Repurposing an arthritis drug to grow back hair

April 4, 2022
Repurposing an arthritis drug to grow back hair

A common rheumatoid arthritis drug could be a potential treatment for alopecia areata, an autoimmune disorder that causes rapid hair loss – sufferers have expressed anxiety and grief as their hair sheds in clumps, even affecting the eyebrows and eyelashes. Scientists at Yale University have found that the drug baricitinib, a JAK inhibitor, could interrupt the cytokine signaling that harms hair follicles in alopecia areata. JAK inhibitors are typically used to treat autoimmune forms of joint disease.

Alopecia areata has come under scrutiny after a recent Academy Awards incident. Although reported in at least 200,000 Americans each year, there are no treatments approved by the US Food and Drug Administration for alopecia areata.

Baricitinib could soon change that.

Based on a study of a Phase III clinical trial of around 1,200 people with severe alopecia areata, participants on a high dose of the drug successfully grew their hair back. The scientists are yet working to ascertain the effectiveness and safety of the drug for long-term use but are optimistic of its potential.

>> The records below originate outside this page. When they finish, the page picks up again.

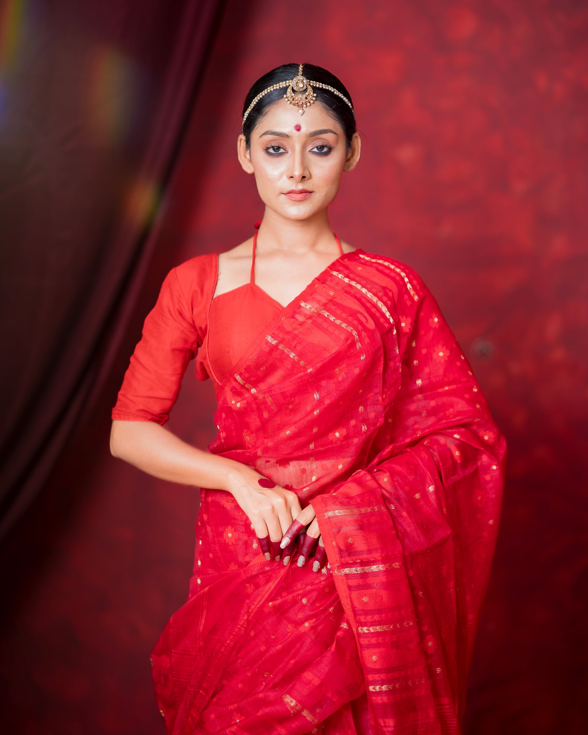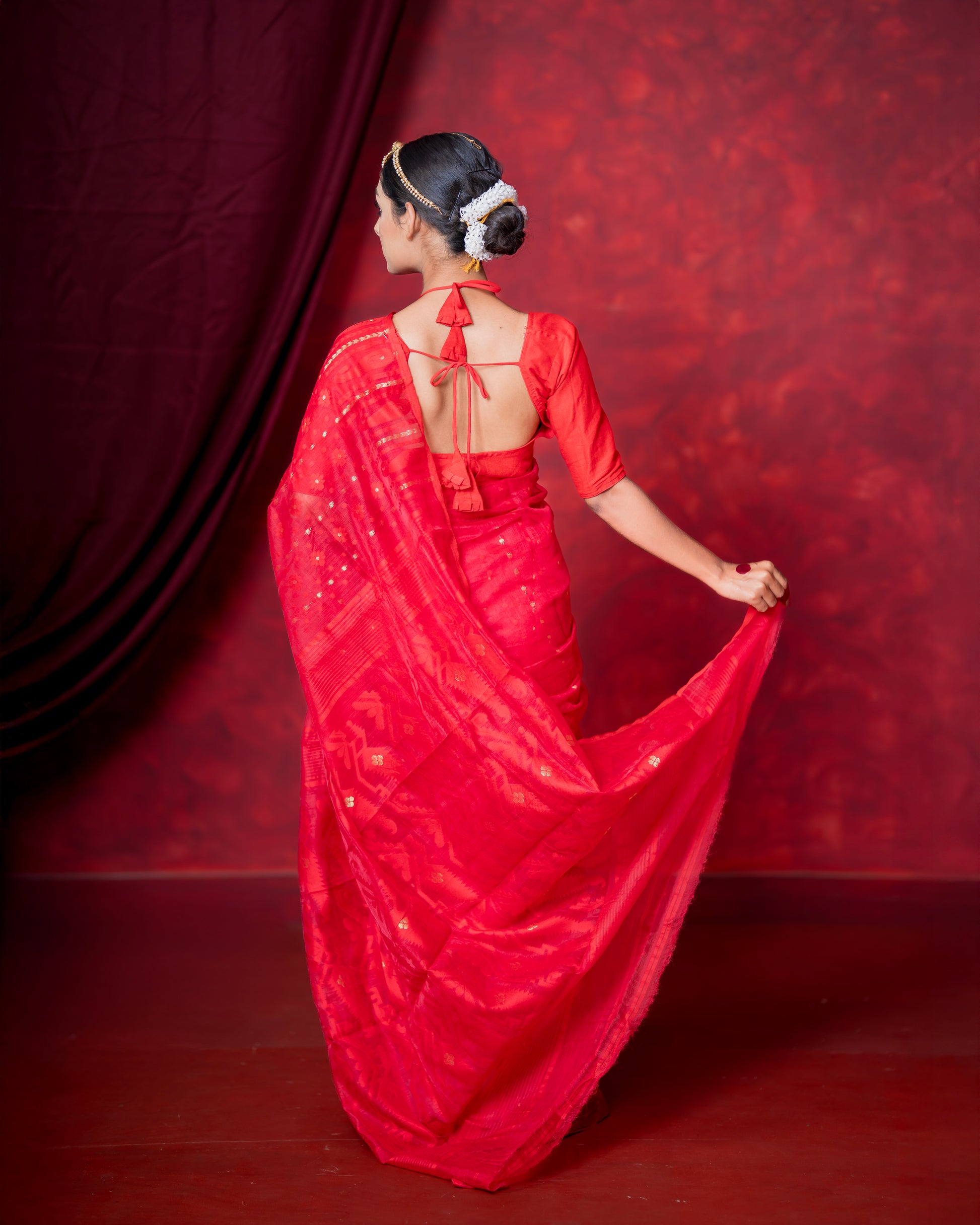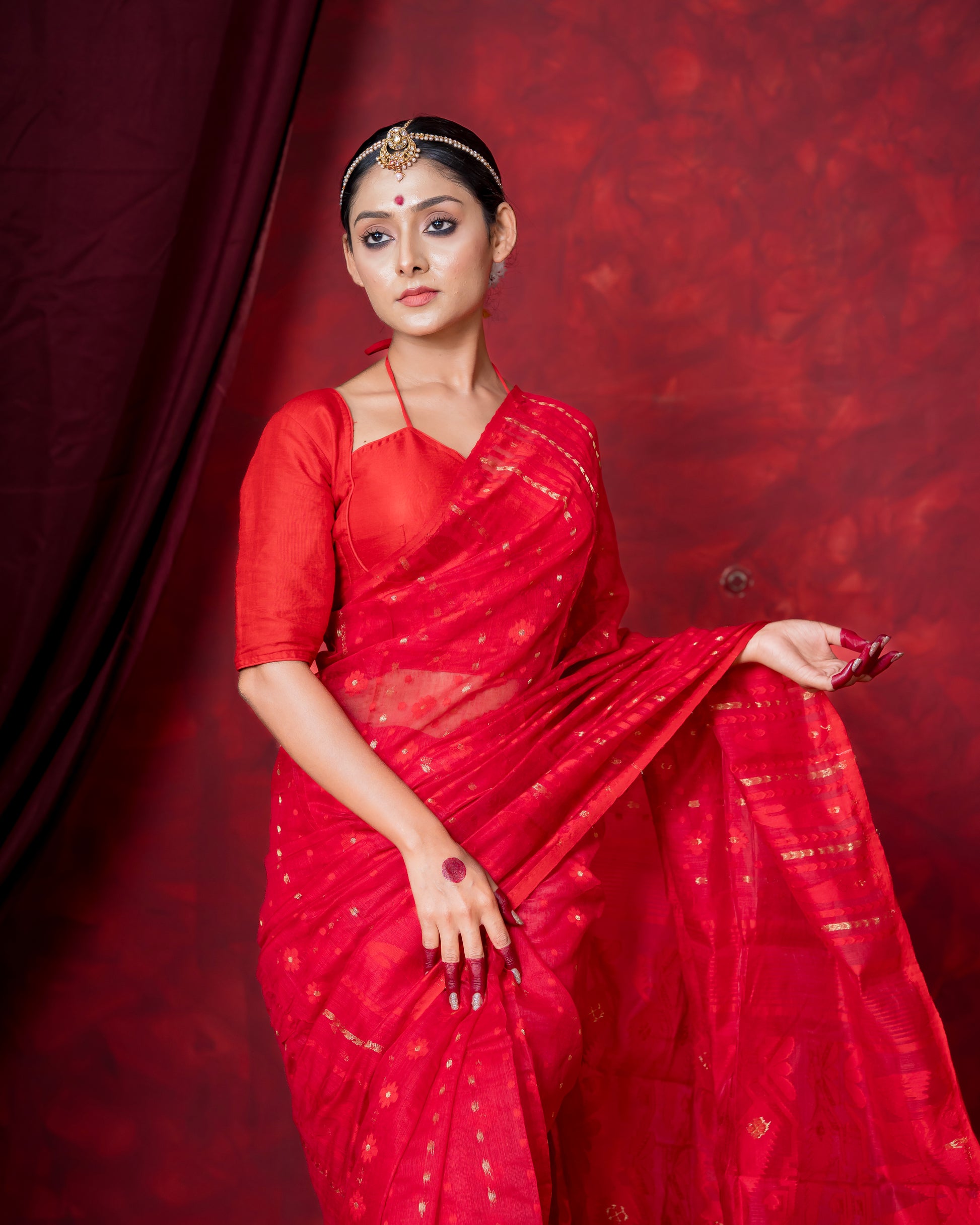 Woven in a striking scarlet red, the saree features delicate Jamdani motifs that shimmer subtly across the body, creating a perfect balance between festive elegance and timeless heritage.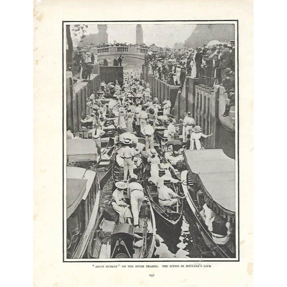 Early 20th Century English book plate print, photo of “Ascot Sunday†on the River Thames. Wonderful Edwardian period image of Society at recreation. 7" X 10".
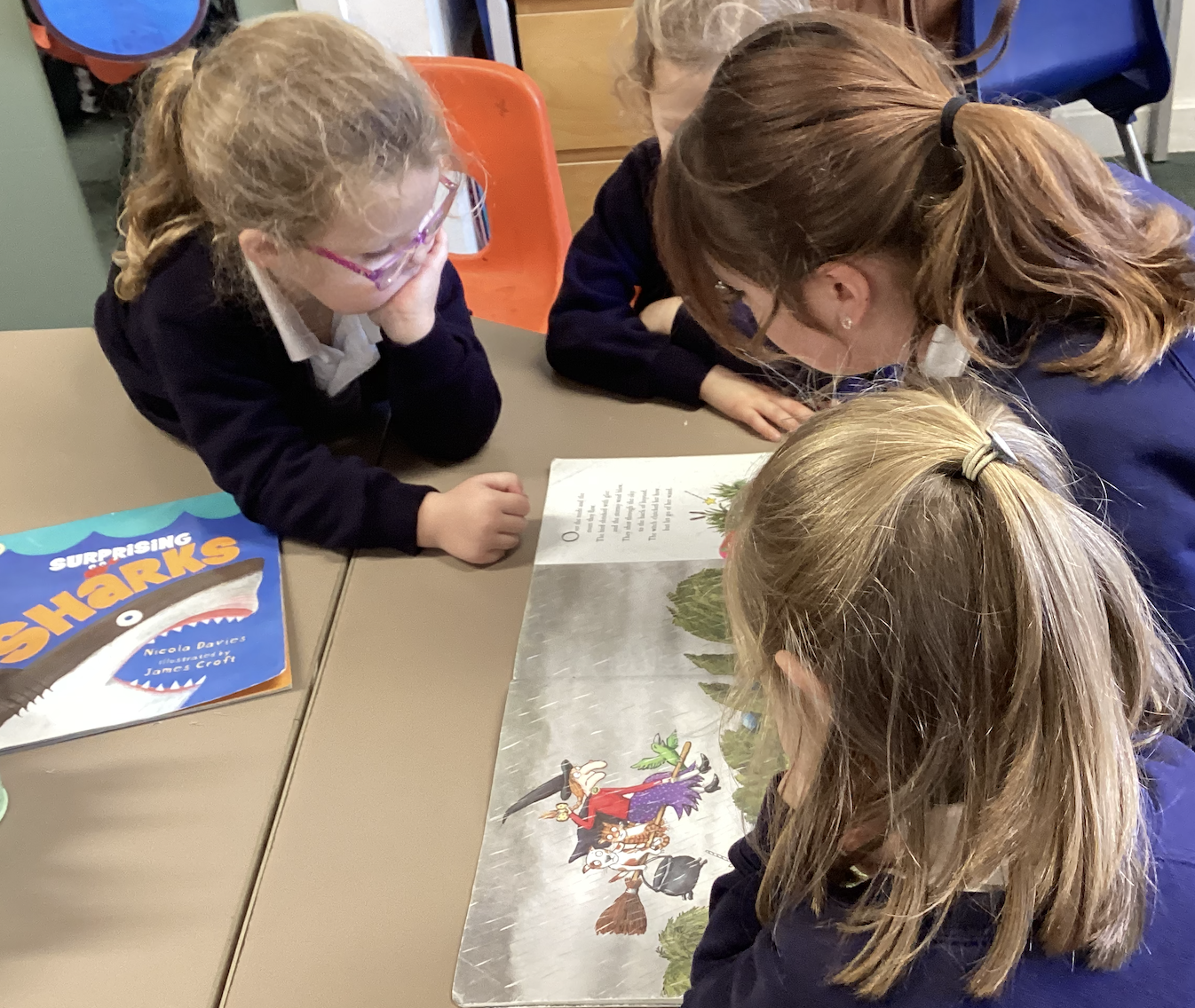 We have been lucky enough to listen to some of our parents reading their favourite stories to us, which has been wonderful! The children enjoyed listening to different adults share a wide range of stories. We have also continued our weekly meet-up with Buzzard class who come and support us with our reading each week.

[The trial participants had lost at least half of their hair because of alopecia areata. One third of participants who received 4mg baricitinib for 36 weeks reported regrowth.]

“Alopecia areata is a crazy journey, marked by chaos, confusion, and profound sadness for many who suffer from it,” said Dr. Brett King, Associate professor of Dermatology at Yale School of Medicine. “It will be incredible to have a medicine to help people emerge on the other side, normalcy restored, recognisable again to themselves and those around them.”